* _Task inputs_
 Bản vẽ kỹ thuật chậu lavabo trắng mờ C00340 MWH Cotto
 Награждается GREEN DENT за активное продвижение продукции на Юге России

* * *

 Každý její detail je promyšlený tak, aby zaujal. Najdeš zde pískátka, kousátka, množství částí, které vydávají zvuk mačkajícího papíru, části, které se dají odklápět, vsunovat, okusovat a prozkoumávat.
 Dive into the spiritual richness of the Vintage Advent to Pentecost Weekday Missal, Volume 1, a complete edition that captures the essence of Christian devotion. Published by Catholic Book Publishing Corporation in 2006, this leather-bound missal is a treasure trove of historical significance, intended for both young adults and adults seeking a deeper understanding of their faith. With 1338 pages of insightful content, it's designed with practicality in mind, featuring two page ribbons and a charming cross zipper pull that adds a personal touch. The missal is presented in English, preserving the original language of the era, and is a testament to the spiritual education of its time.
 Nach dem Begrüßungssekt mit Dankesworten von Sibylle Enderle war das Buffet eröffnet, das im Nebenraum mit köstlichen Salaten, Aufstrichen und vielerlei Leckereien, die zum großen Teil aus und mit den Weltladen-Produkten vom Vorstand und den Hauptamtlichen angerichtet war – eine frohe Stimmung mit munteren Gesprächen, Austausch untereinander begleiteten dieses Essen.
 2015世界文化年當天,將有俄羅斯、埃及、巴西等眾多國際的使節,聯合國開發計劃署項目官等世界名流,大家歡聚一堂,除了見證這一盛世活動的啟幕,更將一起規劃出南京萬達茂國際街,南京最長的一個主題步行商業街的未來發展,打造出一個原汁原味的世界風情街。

* _Required work_
Within the listing above, the range opens at the line with "Dive into the" and closes at the line with "2015世界文化年當天,將有". Reproduce exactly the lines of that range, including both ends.

* _Exercise output_
 Dive into the spiritual richness of the Vintage Advent to Pentecost Weekday Missal, Volume 1, a complete edition that captures the essence of Christian devotion. Published by Catholic Book Publishing Corporation in 2006, this leather-bound missal is a treasure trove of historical significance, intended for both young adults and adults seeking a deeper understanding of their faith. With 1338 pages of insightful content, it's designed with practicality in mind, featuring two page ribbons and a charming cross zipper pull that adds a personal touch. The missal is presented in English, preserving the original language of the era, and is a testament to the spiritual education of its time.
 Nach dem Begrüßungssekt mit Dankesworten von Sibylle Enderle war das Buffet eröffnet, das im Nebenraum mit köstlichen Salaten, Aufstrichen und vielerlei Leckereien, die zum großen Teil aus und mit den Weltladen-Produkten vom Vorstand und den Hauptamtlichen angerichtet war – eine frohe Stimmung mit munteren Gesprächen, Austausch untereinander begleiteten dieses Essen.
 2015世界文化年當天,將有俄羅斯、埃及、巴西等眾多國際的使節,聯合國開發計劃署項目官等世界名流,大家歡聚一堂,除了見證這一盛世活動的啟幕,更將一起規劃出南京萬達茂國際街,南京最長的一個主題步行商業街的未來發展,打造出一個原汁原味的世界風情街。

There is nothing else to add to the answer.